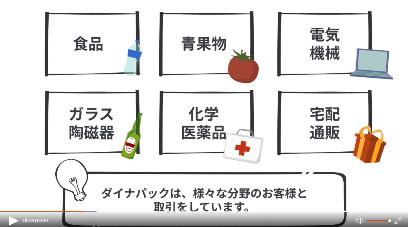 今回のダイナパック紹介動画では、当社の歴史や株主様向け情報、製品情報、社会的な活動などを約3分にまとめています。ダイナパックに興味があるけれどよく分からない…という方々を対象にしており、当社の基本的なプロフィールが短い時間で把握できるようになっています。
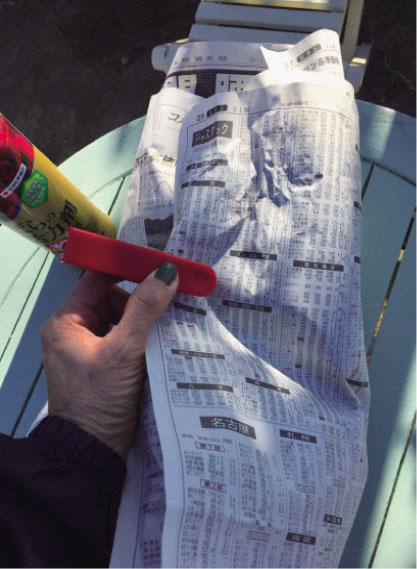 おまけにね、霧吹きで新聞紙全体を濡らすの。
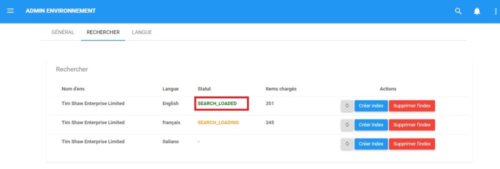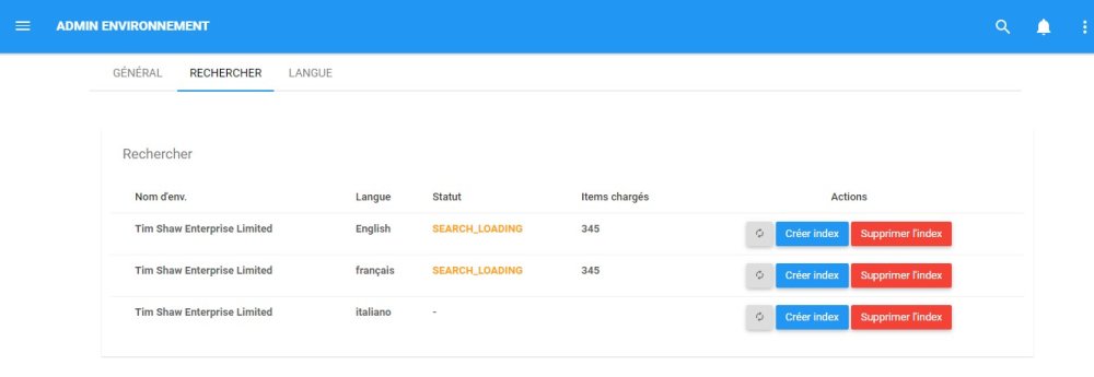 Pour que la fonction de recherche fonctionne efficacement, l’environnement et les administrateurs du système doivent remplir les indices dans EPC. Les indices, une fois téléchargés, permettent aux utilisateurs de les rechercher avec la fonction de recherche. Les indices de recherche doivent être créés et rafraîchis par la suite pour être utilisés le plus efficacement.

=== Work task ===
The answer should contain every line of the material exactly as written and no pictures.

=== Result ===
 今回のダイナパック紹介動画では、当社の歴史や株主様向け情報、製品情報、社会的な活動などを約3分にまとめています。ダイナパックに興味があるけれどよく分からない…という方々を対象にしており、当社の基本的なプロフィールが短い時間で把握できるようになっています。
 おまけにね、霧吹きで新聞紙全体を濡らすの。
 Pour que la fonction de recherche fonctionne efficacement, l’environnement et les administrateurs du système doivent remplir les indices dans EPC. Les indices, une fois téléchargés, permettent aux utilisateurs de les rechercher avec la fonction de recherche. Les indices de recherche doivent être créés et rafraîchis par la suite pour être utilisés le plus efficacement.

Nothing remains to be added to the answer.